Looking for breakthrough ideas for innovation challenges? Try Patsnap Eureka!

Sensitive word filtering method based on text content

A filtering method and technology for sensitive words, applied in special data processing applications, instruments, electrical digital data processing, etc., can solve the problems of poor flexibility, large number of Chinese characters, time-consuming and labor-intensive updating and maintenance of manual dictionaries, etc. , the effect of high recall

Active Publication Date: 2017-12-12
杭州言旭网络科技有限公司
View PDF3 Cites 30 Cited by
  • Summary
  • Abstract
  • Description
  • Claims
  • Application Information

AI Technical Summary

Problems solved by technology

[0002] The Internet provides people with a free, convenient and open space, and anyone can speak freely in the virtual world; therefore, a large amount of network information appears to people; One after another, it has caused a serious negative impact on society; sensitive information will be disseminated through various carriers, mainly including pictures, sounds, videos and texts; Carrying out melons cannot achieve good results.

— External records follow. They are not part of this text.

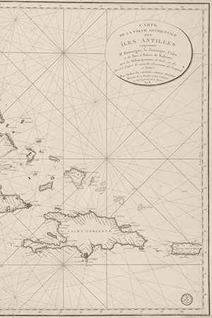 W lewym dolnym rogu: "Nota Les Chiffres de Sondes indiquent des Brasses Françaises. Les Lettres jointes à ces chiffres indiquent la nature du Fond. C signifie Coquilles, f Fange, g Gravier, r Roche, s Sable, v Vaze, b blanc, f fin, g gros, n noir, t tacheté, v vert."
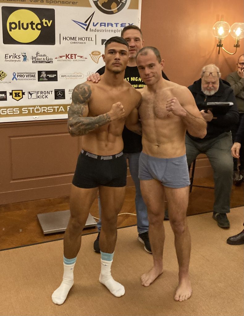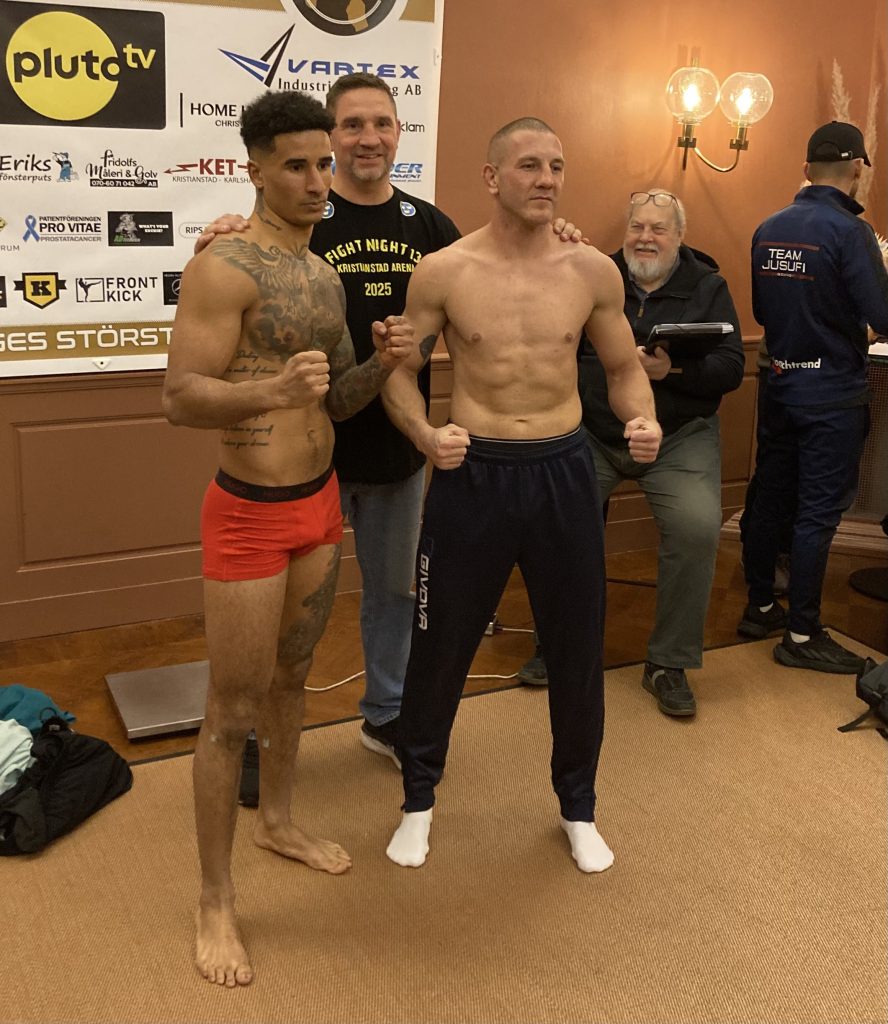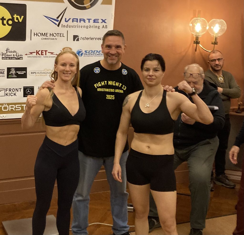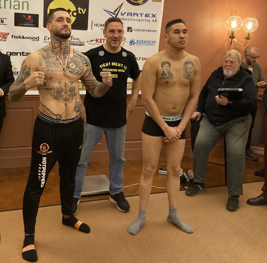 Vid fredagens invägning i Hotel Home Christian IV I Kristianstad vägde samtliga tjugo proffsboxare parvis i match efter match in utan problem, varpå de läkarundersöktes och befanns fit for fight – varmed allt nu är ”go” inför lördagens boxningar i Kristianstads arena. Den största skillnaden i vikt uppstod i debuterande Therese Rosells kamp mot tre matcher rutinerade Georgien-proffset Nino Revia. Matchen var satt till lätt weltervikt, men Therese kom in lätt, på blott 61 kg, medan den långväga gästen Nino – efter en försenad flygresa i snöoväder- kom in för tung, på 64 kg, men den tuffa göteborgskan godtog detta och accepterade att fightas trots vikthandikapp. I de flesta av de andra matcherna vägde dock det stora flertalet kämpar tämligen jämnt. I huvudmatchen, damernas titeljakt (WBA/Gold-bältet) i flugvikt kom svensk-australiensiska Linn Sandström och förra VM-drottningen Maribel Ramirez upp på vågen med blott två ynka hg skillnad i vikt. De två svepte sig efteråt i Sveriges respektive Mexikos flaggor och utmanade varann inför morgonens uppgörelse. Det blir en vass fight! Promotor Armand Krajnc övervakade hela den tio matcher långa proceduren.
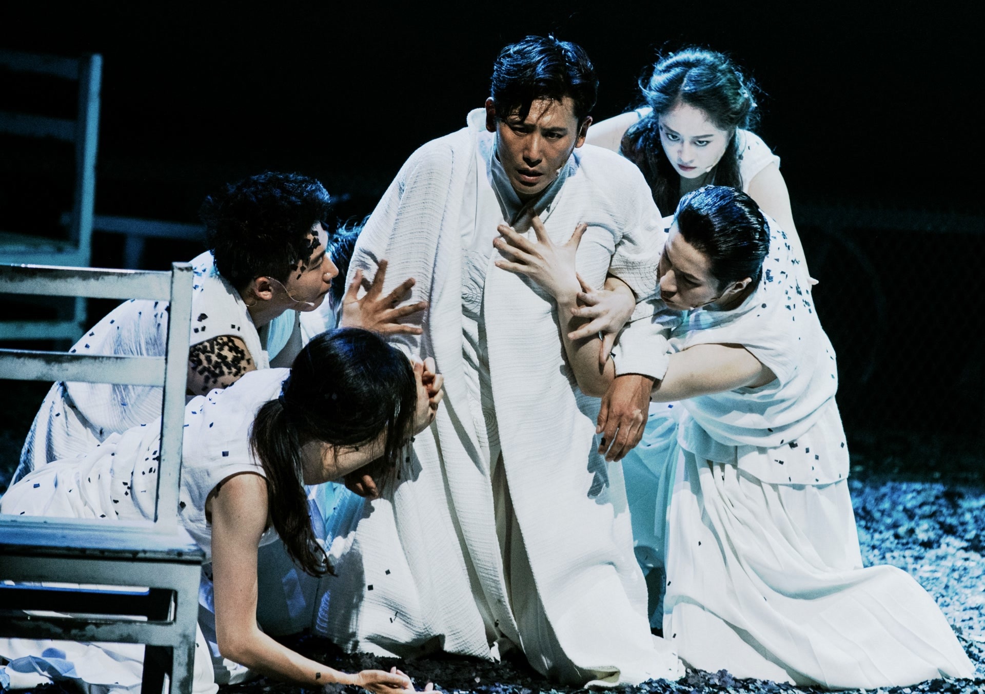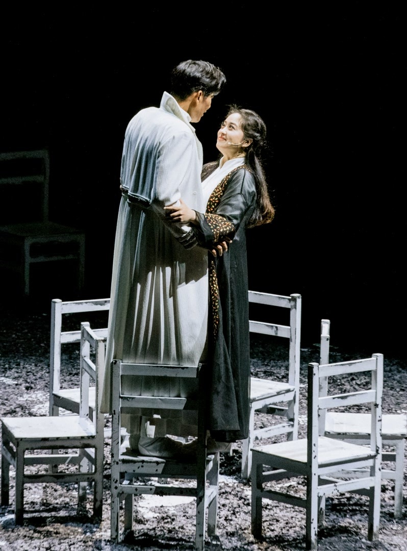 与跨越几十载的故事情节、充满思辨意味的主旨相匹配,《戎夷之衣》的舞台设计极简写意,遍布隐喻,比如对比分明的黑白两色,恰似欲望与道义、现实与理想的激烈对抗,起初全身纯白的石辛逐渐被黑色浸染,最终被滚滚而下的“黑雪”吞没;数把椅子灵活拖行于全场,它们是权位的缩影,可以象征国家的覆灭,也可以点明石辛与淳于家那建立在“椅子”基础上的姻亲是空中楼阁,不堪一击;秦国招降者那番近似胡说八道、甚至夹杂了《狮子王》台词的狂言,将世道之颠倒、权力之张狂表现得滑稽且辛辣。
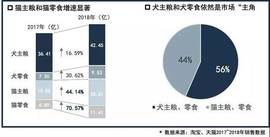 其中猫主粮和猫零食增速最为显著,可见喵星人的日渐“受宠”。但是犬主粮和犬零食依然是市场“主角”,且增长稳定。
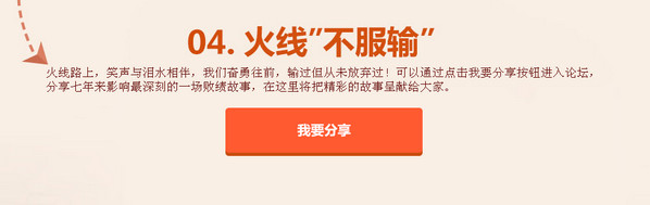 穿越火线CF火线时刻暑期痛快玩重磅出击;这里有最酷炫的游戏圈限量图标,享受独一无二的荣誉;这里有最霸气的黄金武器、道具卡,游戏超神不再是梦;这里有最实用的火线时刻,与好友分享自己的游戏时刻;这里有最感人的火线不服输,说说那些年我们之间的故事! 活动地址:http://qt.
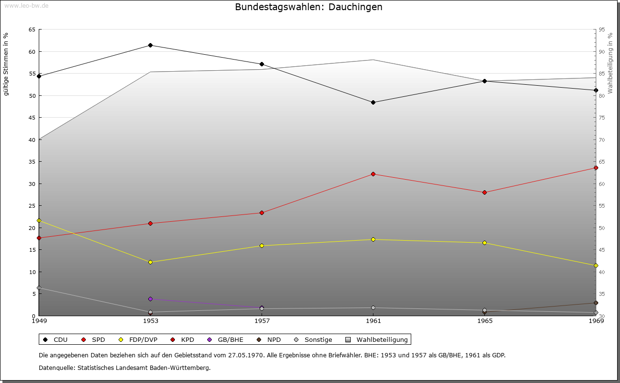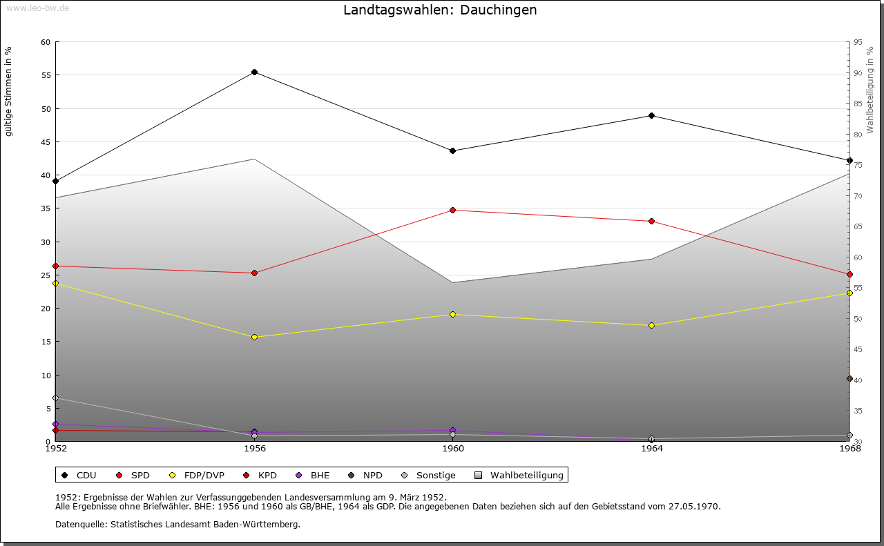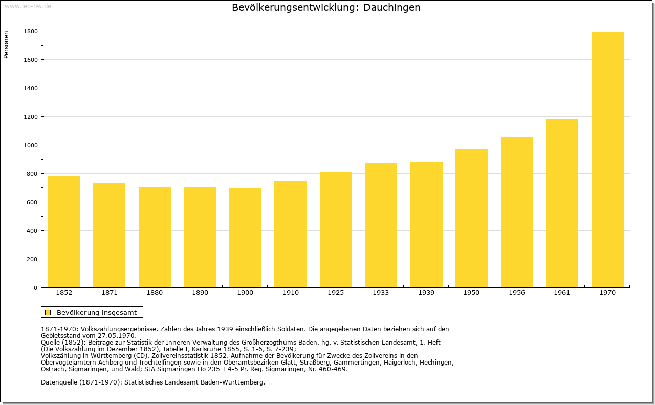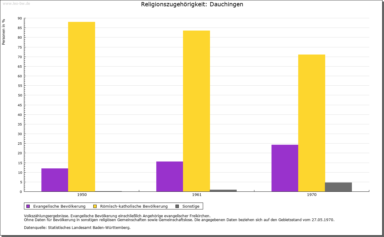 | Geschichte: | 1092 Tuchingen (Корialüberlieferung 16. Jahrhundert), 1281 Tochingen. Siedlung der ältesten Schicht. Das Kloster St. Georgen hatte bereits 1092 Besitz zu Dauchingen, den es in der folgenden Zeit vermehren konnte. Mit Reginhard und dem Ritter Berthold ist für 1094 ein Adelsgeschlecht bezeugt, das sich nach dem Ort nannte und hier auch begütert war. Die Herrschafts- und Eigentumsrechte der Herzöge von Zähringen gingen nach 1218 zunächst auf die Grafen von Urach über und kamen dann an die Grafen von Fürstenberg. Ihnen brachte der Haslacher Erbfolgestreit den Verlust des Dorfes. 1405 verzichteten die Fürstenberger zugunsten der Grafen von Hohenzollern u.a. auf Dauchingen. In der zweiten Hälfte des 15. Jahrhunderts befand sich der Ort im Besitz des in Konstanz ansässigen Gregor von Roggwil, der ihn 1479 an die Bruderschaftspflege in Rottweil verkaufte. 1803 fiel das zum Bruderschaftsoberpflegamt der Stadt Rottweil gehörende Dauchingen an Württemberg und wurde dem Landoberamt Rottweil zugeteilt; 1806/08 zum Oberamt Rottweil. 1810 an Baden vertauscht, Amtssitz stets Villingen. |
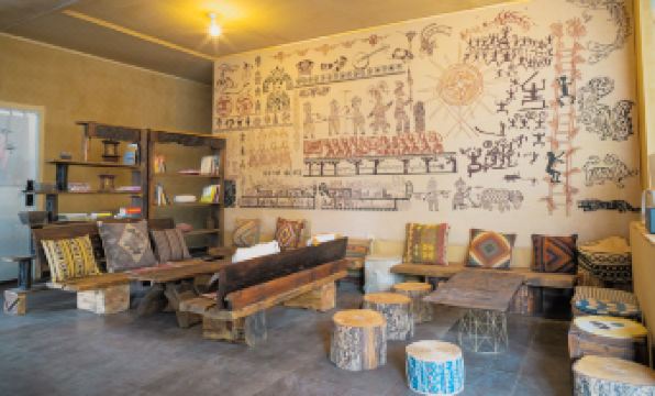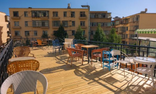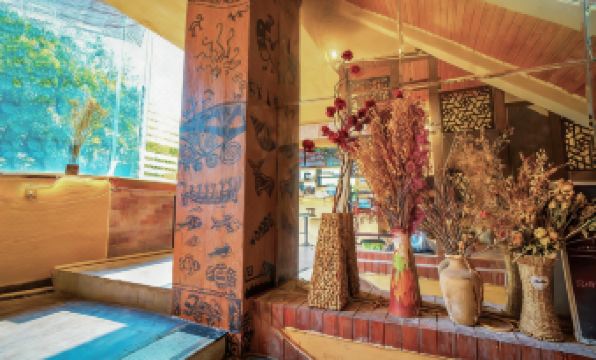 This is my third time staying here, and it's changed a lot since last year. The entire common area is much larger now, and the style is fantastic. The owner mentioned that all the furniture was handmade by him, from lumber he brought back himself – it's really comfortable and impressive. The dogs are a bit fatter than last year, lazily sunbathing, and petting them while sitting nearby is quite therapeutic.

The timely discovery, tracking and processing of sensitive information technically plays a pivotal role in reducing the harm of sensitive information on the Internet to society; therefore, in the field of information processing, sensitive information filtering has become a One of the urgent and important technical issues; since English words are separated by spaces, and English only contains 26 letters, there are no obvious separators between Chinese words except for the necessary punctuation marks; and The number of Chinese characters is huge, so many English sensitive information filtering algorithms are not suitable for filtering Chinese sensitive information; if you want to achieve better filtering of sensitive information, you must study a method that can be used in information sources, transmission channels, and receivers. All practical Chinese sensitive information filtering algorithm
[0003] The early text filtering technology is mainly a simple keyword matching and word frequency statistics method, this filtering method is relatively simple; in the single pattern matching algorithm, the more classic ones are: BF algorithm, KMP algorithm, BM algorithm, etc.; in multi-pattern matching Among the algorithms, the more classic ones are: AC algorithm, CW algorithm, WM algorithm, etc. These algorithms can successfully match keywords to a certain extent, but there are high time complexity, slow matching speed in practical applications, poor flexibility, and practical problems. Problems such as application difficulties; Later, some scholars used text classification technology to filter text sensitive information; firstly, text features were extracted, and texts were divided into several categories according to their characteristics, and then the sensitivity of text was judged according to which category it belonged to. Then the sensitive text is filtered out; a large number of classification algorithms have also appeared in text classification technology, such as AP clustering algorithm, K-means algorithm based on vector space model and suffix tree (STC) algorithm based on etc.; these algorithms are very important for identifying sensitive text It has made great contributions; but it can't do anything about the sensitive words in the text; there is also a more common filtering method to remove stop words, transliterated words, etc. from the text; and there is no obvious word boundary in the Chinese text, It is difficult to identify sensitive words not included in the dictionary by using the word segmentation method, and it is time-consuming and labor-intensive to update and maintain the artificial dictionary; therefore, there are great obstacles in the word segmentation technology itself, in some short texts, such as Weibo, instant chat People often use stop words such as modal particles and particle words and some emotional punctuation marks on online platforms such as information and circle of friends. If preprocessing operations such as removing stop words and symbols are performed on such texts, users The experience is obviously much worse, and the practicality is not extensive

Method used

the structure of the environmentally friendly knitted fabric provided by the present invention; figure 2 Flow chart of the yarn wrapping machine for environmentally friendly knitted fabrics and storage devices; image 3 Is the parameter map of the yarn covering machine
View more

Image

Smart Image Click on the blue labels to locate them in the text.
Viewing Examples
Smart Image
  • Sensitive word filtering method based on text content
  • Sensitive word filtering method based on text content
  • Sensitive word filtering method based on text content

Examples

Experimental program
Comparison scheme
Effect test

Embodiment Construction

[0048] The present invention will be further described below in conjunction with the accompanying drawings and specific embodiments.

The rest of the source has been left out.